Mechanical loading can make skin expand by G&R. This mechanism can be exploited in plastic and reconstructive surgery to grow in a controlled process in one region of the body additional skin that can be used to compensate for skin losses in other regions. Anisotropic kinematic growth models have been developed [98] to study this process computationally (Fig. 7).

Fig. 7
figure 7

Finite element simulation of skin growth in pediatric scalp reconstruction using a kinematic growth model (reprinted from [98], copyright 2013, with permission from Elsevier)

5.4 Eye

Soft tissue G&R in the eye may play important roles in diseases like glaucoma, and has thus been studied by kinematic growth models [99, 100]. In particular, mechano-regulated thickening of the lamina cribrosa in early glaucoma was modeled and reorientation of collagen fibers in the corneo-scleral shell (Fig. 8).

Fig. 8
figure 8

Shown is a G&R simulation of early thickening in glaucoma of the lamina cribrosa, a porous collagen structure through which axons pass. Such models can help explain experimental findings, as noted in the original paper (reprinted from [100], copyright 2012, with permission from Elsevier)

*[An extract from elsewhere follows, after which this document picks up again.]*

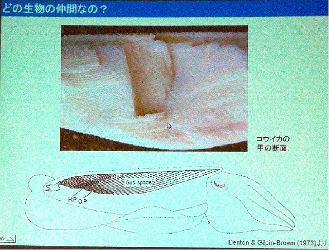 この甲は舟のような格好をしていてアンモナイトとは異なるが、トグロコウイカでは体の中にアンモナイトの様にぐるりとなっている。薄い筋として見えているのが隔壁。トグロコウイカは熱帯の海に生きている。

5.5 Tissue cultures and tissue engineering

Collagen gels seeded with fibroblasts are important model systems to study fundamental mechanisms in soft tissue G&R [25, 40, 101]. To understand better the experimental observations made in such gels kept in tissue cultures, computational models of G&R have been increasingly used over the last decade [62, 102]. Similarly, such models [103107] have been successfully applied to help tissue engineer artificial blood vessels and heart valves (Fig. 9).

Fig. 9
figure 9

Finite element simulation of radial strain in tissue engineered heart valves after load-driven remodeling (reprinted from [107], DOI 10.1016/j.jmbbm.2015.10.001, under Creative Commons license [97])

6 Conclusions

Load-bearing collagenous soft tissues exhibit complex mechanical behaviors, but also a remarkable ability to adapt to perturbations in mechanical loading. The past two decades have seen significantly increased attention in the biomechanics community to mathematically modeling the associated growth (changes in mass) and remodeling (changes in structure). Because of the finite deformations involved, the kinematics of G&R necessarily includes multiplicative decompositions into elastic and inelastic deformations, independent of approach. Kinematic growth theory provides a computationally inexpensive means to capture consequences of G&R, though without detail on the mechanobiological processes of turnover of individual constituents having individual properties. Another approach, that of a constrained mixture, can capture many aspects of chemomechanically stimulated remodeling and turnover of individual matrix constituents, but requires a computationally expensive tracking of a multitude of reference configurations for each constituent. Hybrid approaches attempt to exploit advantages of kinematic theories while retaining some features of constrained mixture theories, though with the loss of some generality in describing actual history-dependent mechanobiological processes. As is the case with most constitutive formulations, the method chosen should be based upon the question at hand with an appreciation of the associated limitations. New concepts such as mechanobiological stability and adaptivity promise to yield increasing insight into principles of G&R, but much remains to be accomplished. Continued studies should be motivated directly by the unique mechanisms that cells use to establish, maintain, remodel, repair, or remove functional tissue and organs, including cell-mediated incorporation of new matrix under stress.